Note: I’m pushing hard to create more content for subscribers as Substack becomes a key source of my income. Please consider upgrading to paid to support Contra. Thanks for reading!
People fall so in love with their pain, they can’t leave it behind. The same as the stories they tell. We trap ourselves.
―Chuck Palahniuk
Baby boomers get a lot of hate, often because they’re perceived as entitled and out of touch. They tell others to yank themselves up by the bootstraps in a way they never had to, having purchased their homes without a credit score and a firm handshake after working a lemonade stand for a summer.
However, what we can say in praise of boomers is that they are apparently the most psychologically stout social generation left standing.

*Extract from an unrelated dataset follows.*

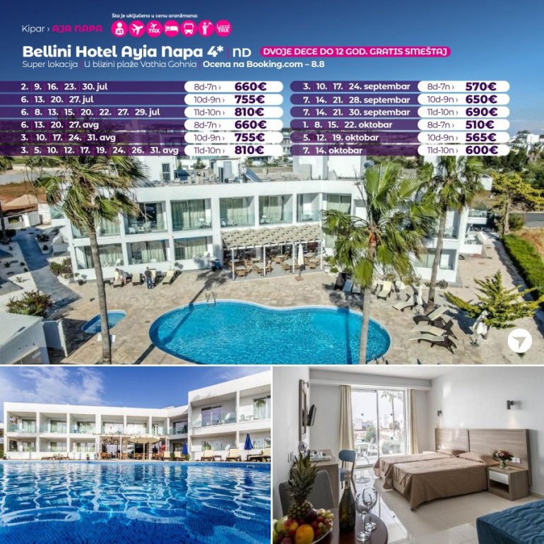 Потпуно реновиран хотел Bellini Ayia Napa је смештен у Авенији Ниси (Nissi Avenue), у срцу Аја Напе (Ayia Napa). У понуди има изванредно уређене апартмане. Осим тога, нуди студије и суите јединице које се налазе око приватног базена, бара и ресторана. Плаже Пернера и Сенди Беј (Sandy Bay) удаљене су око 500 метара од објекта. Плажа Ниси (Nissi Beach) је удаљена 2 км, а Аква парк Waterworld 3 км.

New data from the Skeptic Research Center Team found that among Generation Z, 72 percent of women and 67 percent of men agreed that “mental health challenges are an important part of my identity.” In contrast, those numbers among boomer women and men are 27 percent and 34 percent.
My generation, millennials, aren’t doing so hot either, and there is a noticeable jump between men from Generation X (though 47 percent isn’t great) and those of my cohort in this respect. As an aside, try to imagine how people in an office setting would react to this speech from Glengarry Glen Ross today:
Anyway, what’s going on? I think the problem starts with millennials, who romanticized and commercialized psychic suffering as the first social media generation.